Grasses are covering some of the area affected by fire, while green shoots are showing through some of the burned landscape

A year on from a devastating fire in the Roaches, Staffordshire Wildlife Trust say signs of recovery are beginning to show.

Around 200 acres of moorland, woodland and heath were destroyed, as dozens of firefighters spent days tackling the blaze in August 2018.

Several residents also had to be evacuated from their homes for their own safety for a short time.

Fire crews spent days tackling the blaze (Photo courtesy of Staffordshire Fire and Rescue)

Over the past 12 months the Trust have been monitoring the site and carrying out work to help restore the area.

That includes using helicopters to carry hundreds of tonnes of stone to create mini dams to block artificial drainage ditches, as there is not enough vegetation to slow down water - which could see peat being washed away.

Jon Rowe, the Roaches warden, says that the damage they needed to address was extensive.

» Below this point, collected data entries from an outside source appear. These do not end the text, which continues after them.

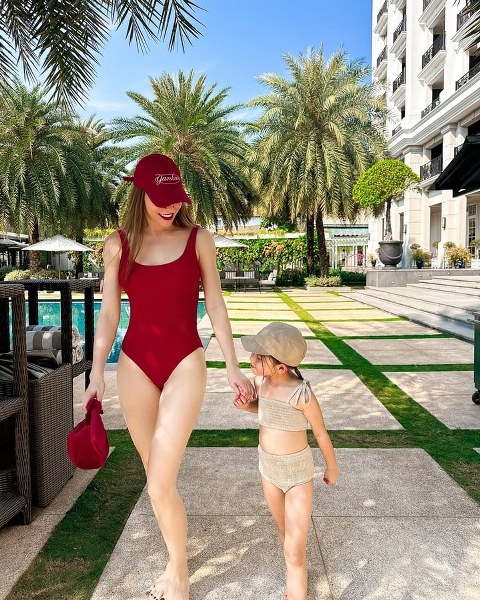 Nữ ca sĩ diện bikini hai mảnh nhỏ xíu, khoe trọn được vóc dáng nóng bỏng mắt. Bên cạnh đó, cô cũng diện cho Lisa một bộ áo tắm đáng yêu.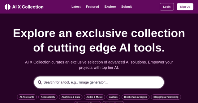 AI X Collection is more than just a marketplace for AI tools; it's a carefully curated platform that brings together the most innovative and efficient AI solutions across various sectors. Whether you're delving into AI Assistants, Accessibility, Analytics & Data, Audio & Music, Avatars, Blockchain & Crypto, Blogging & Publishing, Business & Finance, or more specialized areas, AI X Collection has something for everyone.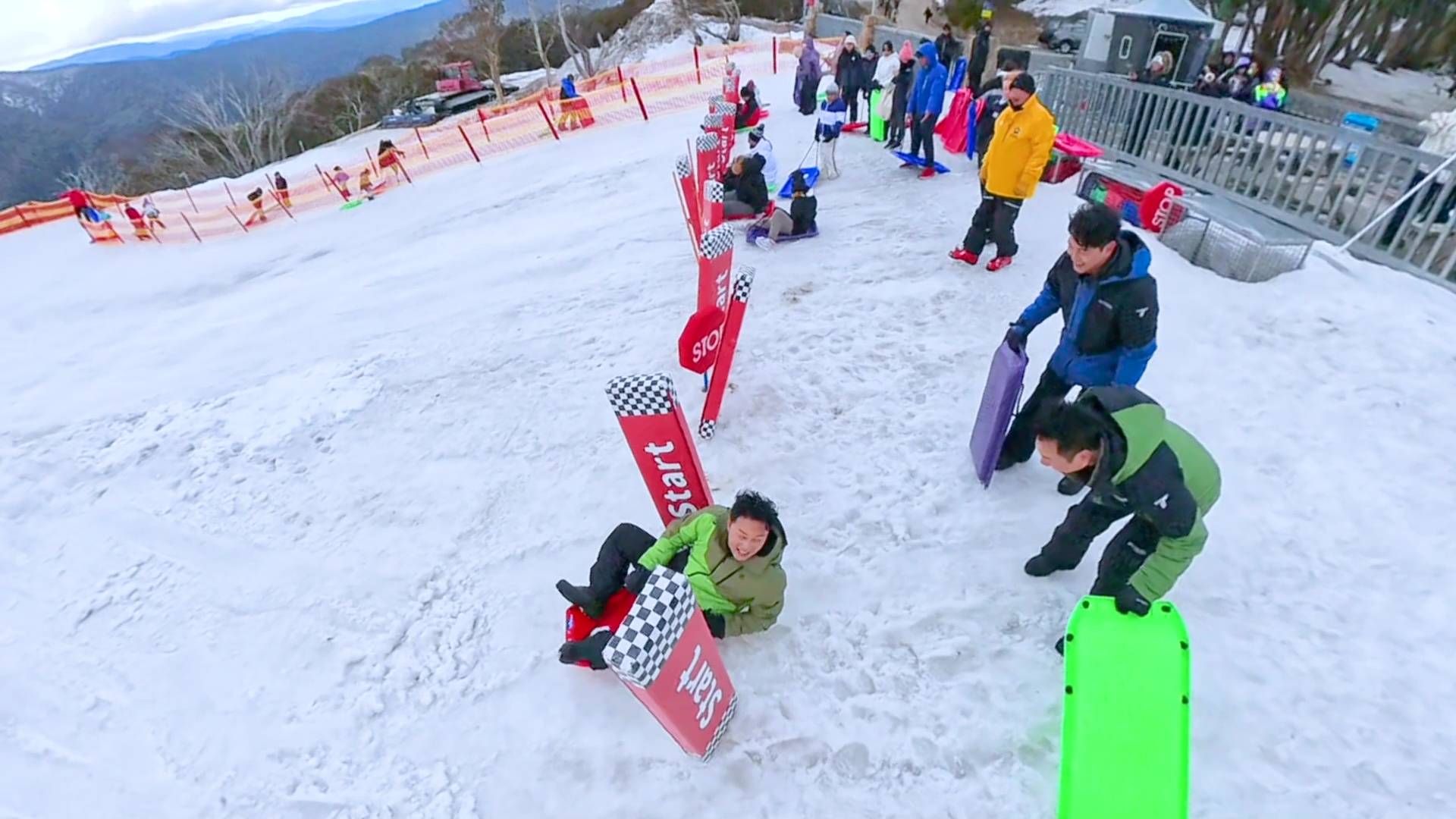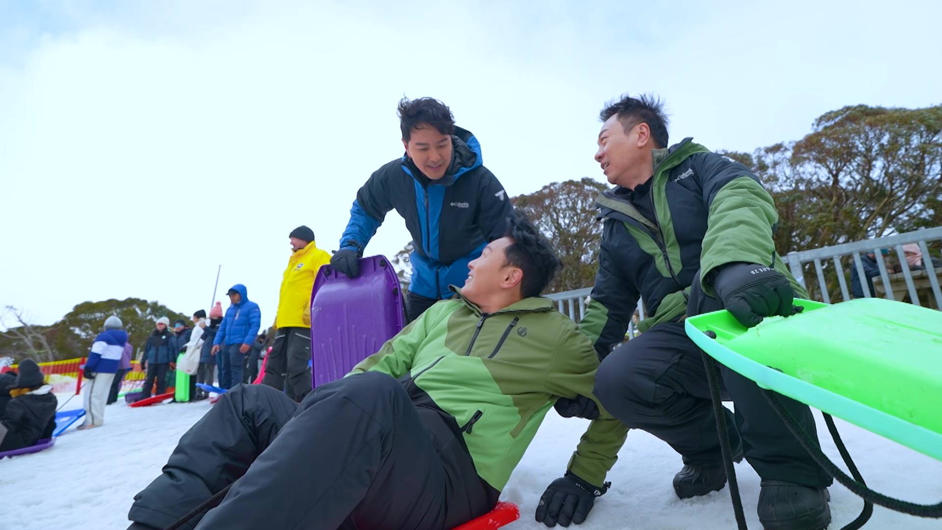 滑雪過後,三子轉戰更好玩的滑雪兜。可憐的曹永廉再次成為被整蠱的對象,在準備出發時,被蕭正楠從後偷偷推了一把,結果再度失去平衡跌倒,滑稽場面讓兄弟們笑作一團。雖然阿廉全程被整蠱,但他毫無怨言,反而樂在其中,這種打打鬧鬧的相處方式,正正體現了他們之間深厚的兄弟情,旅途充滿歡樂!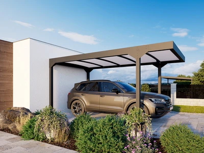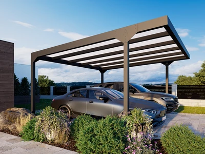 Carport Camper Solar este o acoperire auto inovatoare cu panouri solare, conceputa special pentru autorulote. Disponibila in trei dimensiuni, sistemul sau solar poate atinge o putere de pana la 6,96 kWp, oferind o solutie de parcare ecologica si contribuind la reducerea emisiilor de CO₂. Structura moderna, de culoare antracit, se integreaza armonios in orice mediu arhitectural.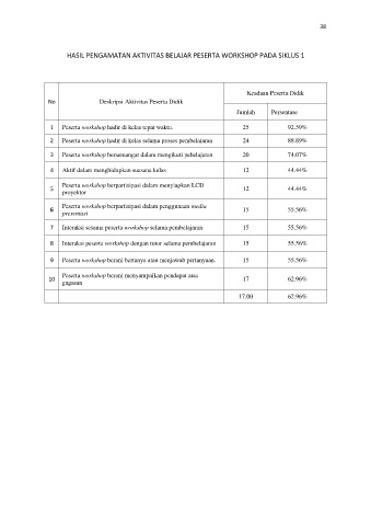 HASIL PENGAMATAN AKTIVITAS BELAJAR PESERTA WORKSHOP PADA SIKLUS 1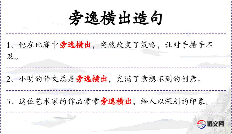 - 旁逸横出:成语,形容作品风格独特,不拘一格。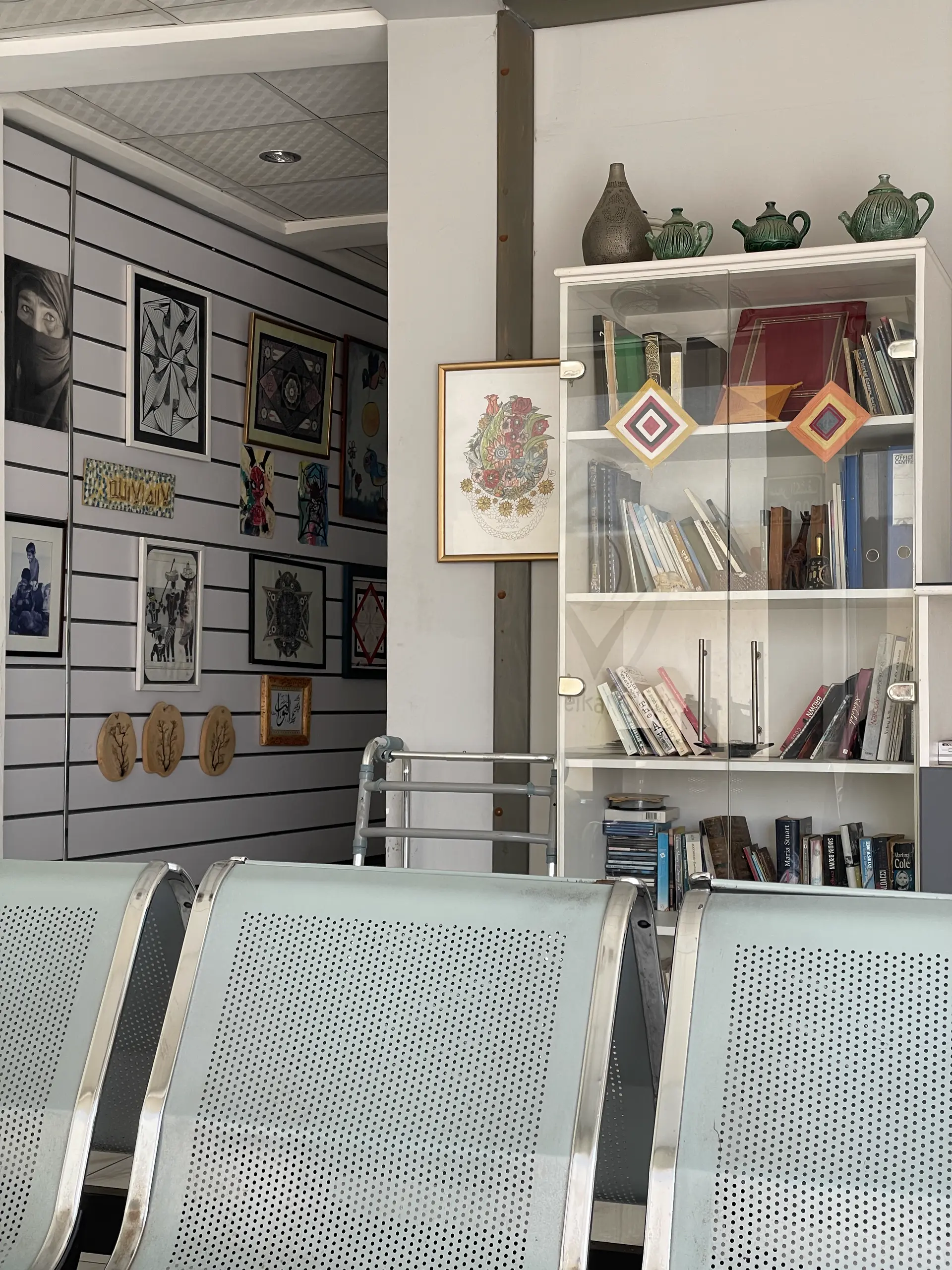 When it was time for the clinic to open, an elderly man appeared in the room wearing a yellow robe and a tan vest. He mopped the floor and opened the door before picking up the small piece of paper that had been held down by the stone. I followed the others into the waiting room which was a small space with standard steel hospital chairs and children’s drawings of the ocean on the walls. There were tattered comic books on the tables and some art pieces on the far walls including Arabic calligraphy and depictions of Islamic women’s eyes.

He said: "There are areas here where we have lost over 300 years of peat development, and we have seen a loss of sphagnums.

"Sphagnum mosses are the ones that create the peat, so we will be re-establishing them.

"The dams will help us re-establish active blanket bog, which is what we need to do to try and repair the peat system up here."

One of the mini dams created after tonnes of stones were airlifted to the site during the winter

The Trust have been working with Moors For The Future, who are peat specialists, to get advice on the best way to re-establish vegetation. 

While they are having to reintroduce some plants, Jon says that nature is also doing its bit.

He said: "We are seeing numerous grass species and they are all setting seed and spreading, which is fantastic.

"The reason for that is because we are not grazing the area, so that is allowing recovery to naturally happen without being nibbled off.

"The young heather and bilberry shoots are also able to pop up without being eaten straight away, as they are nice and tender and the sheep and cattle will go straight for them."

In the areas of the Roaches affected by the fire, there is a noticeable absence of birds singing or circling above.

Jon says that it is because the site is no longer suitable for many of them.

He said: "All of this habitat now is unsuitable for meadow pipits due to there not being enough cover for them to nest in.

"We have seen the loss of invertebrates species and loss of vegetation to support them.

"And as the invertebrates are at the bottom of the food chain, it has a huge effect further up."

Roaches Warden Jon Rowe

The Trust is keeping a close eye on the area, but have also welcomed PhD and Masters students who are carrying out projects looking at how the site is recovering.

It is hoped the work they are doing will help with prevention work, as well as offer help in cases of future wildfires.

While it would be down to professional firefighters to deal with those, the Trust has been able to improve how it can respond to events like those of 12 months ago after buying its own fire fighting and prevention equipment.

That was thanks to the £7,500 raised through an online appeal following the fire, with cash left over used towards continuing recovery work.

The Trust, along with the fire service, is also trying to educate visitors to the Roaches about the dangers of lighting fires.

It was a camp fire that started the blaze last year.

Jon said: "We want people to be able to enjoy it, and they can't if selfish people are lighting fires and barbecues and putting the area at risk.

"We had to close  the whole site down to put the fire out last year.

"It is bad for wildlife and bad for people."